Les patients recevant un traitement d'entretien (et ceux, plus particulièrement, traités pendant plus d'un an) doivent être suivis régulièrement.

Traitement à la demande

Les patients ayant un traitement à la demande doivent être avertis de la nécessité de contacter leur médecin en cas de modification de leur symptomatologie.

Eradication de Helicobacter pylori

En cas de prescription de l'ésoméprazole pour une éradication de Helicobacter pylori, les interactions médicamenteuses possibles de tous les composants du traitement d'éradication doivent être prises en considération.
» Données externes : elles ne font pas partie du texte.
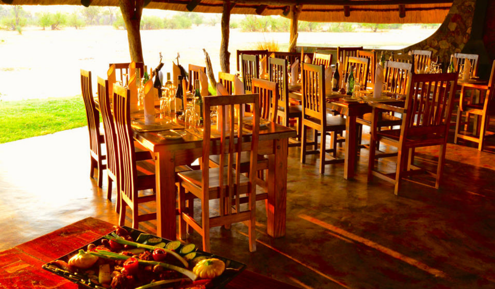
Spiseområdet i hovedbygningen, Bomani Tented Lodge.

La clarithromycine est un puissant inhibiteur du CYP3A4 et donc, les contre-indications et les interactions de la clarithromycine doivent être prises en compte lorsqu'un traitement d'éradication est pris concomitamment avec des médicaments métabolisés par le CYP3A4, tel que le cisapride.

Infections gastro-intestinales

Le traitement par les inhibiteurs de la pompe à protons pourrait légèrement augmenter le risque d'infections gastro-intestinales dues à des germes tels que Salmonella et Campylobacter (voir rubrique Propriétés pharmacodynamiques).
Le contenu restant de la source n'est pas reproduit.